(SOURCE DATA Opens)

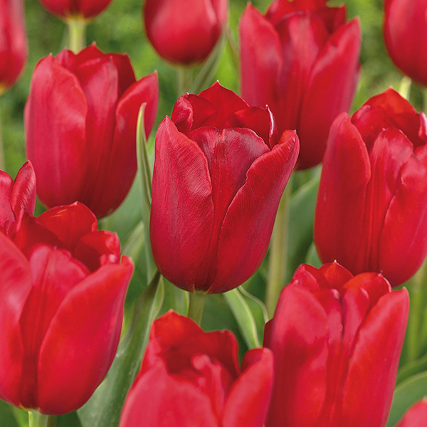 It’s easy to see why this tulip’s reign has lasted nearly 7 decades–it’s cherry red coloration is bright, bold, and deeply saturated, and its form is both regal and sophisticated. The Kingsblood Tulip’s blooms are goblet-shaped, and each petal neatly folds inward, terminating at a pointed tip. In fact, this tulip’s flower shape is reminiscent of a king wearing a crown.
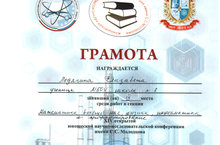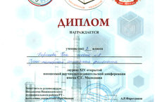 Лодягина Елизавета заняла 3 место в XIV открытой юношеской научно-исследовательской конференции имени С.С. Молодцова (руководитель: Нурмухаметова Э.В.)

(SOURCE DATA Closes)
(SOURCE DATA Opens)

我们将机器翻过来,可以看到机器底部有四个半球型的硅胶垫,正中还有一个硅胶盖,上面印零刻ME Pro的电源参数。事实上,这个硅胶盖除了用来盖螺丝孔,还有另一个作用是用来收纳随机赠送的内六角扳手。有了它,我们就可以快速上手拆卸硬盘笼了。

(SOURCE DATA Closes)

TASK DETAILS: Output only the lines above from the one containing "It’s easy to" to the one containing "Лодягина Елизавета заняла", both included, exactly as written and with no pictures.

RESPONSE TO THE TASK:
 It’s easy to see why this tulip’s reign has lasted nearly 7 decades–it’s cherry red coloration is bright, bold, and deeply saturated, and its form is both regal and sophisticated. The Kingsblood Tulip’s blooms are goblet-shaped, and each petal neatly folds inward, terminating at a pointed tip. In fact, this tulip’s flower shape is reminiscent of a king wearing a crown.
 Лодягина Елизавета заняла 3 место в XIV открытой юношеской научно-исследовательской конференции имени С.С. Молодцова (руководитель: Нурмухаметова Э.В.)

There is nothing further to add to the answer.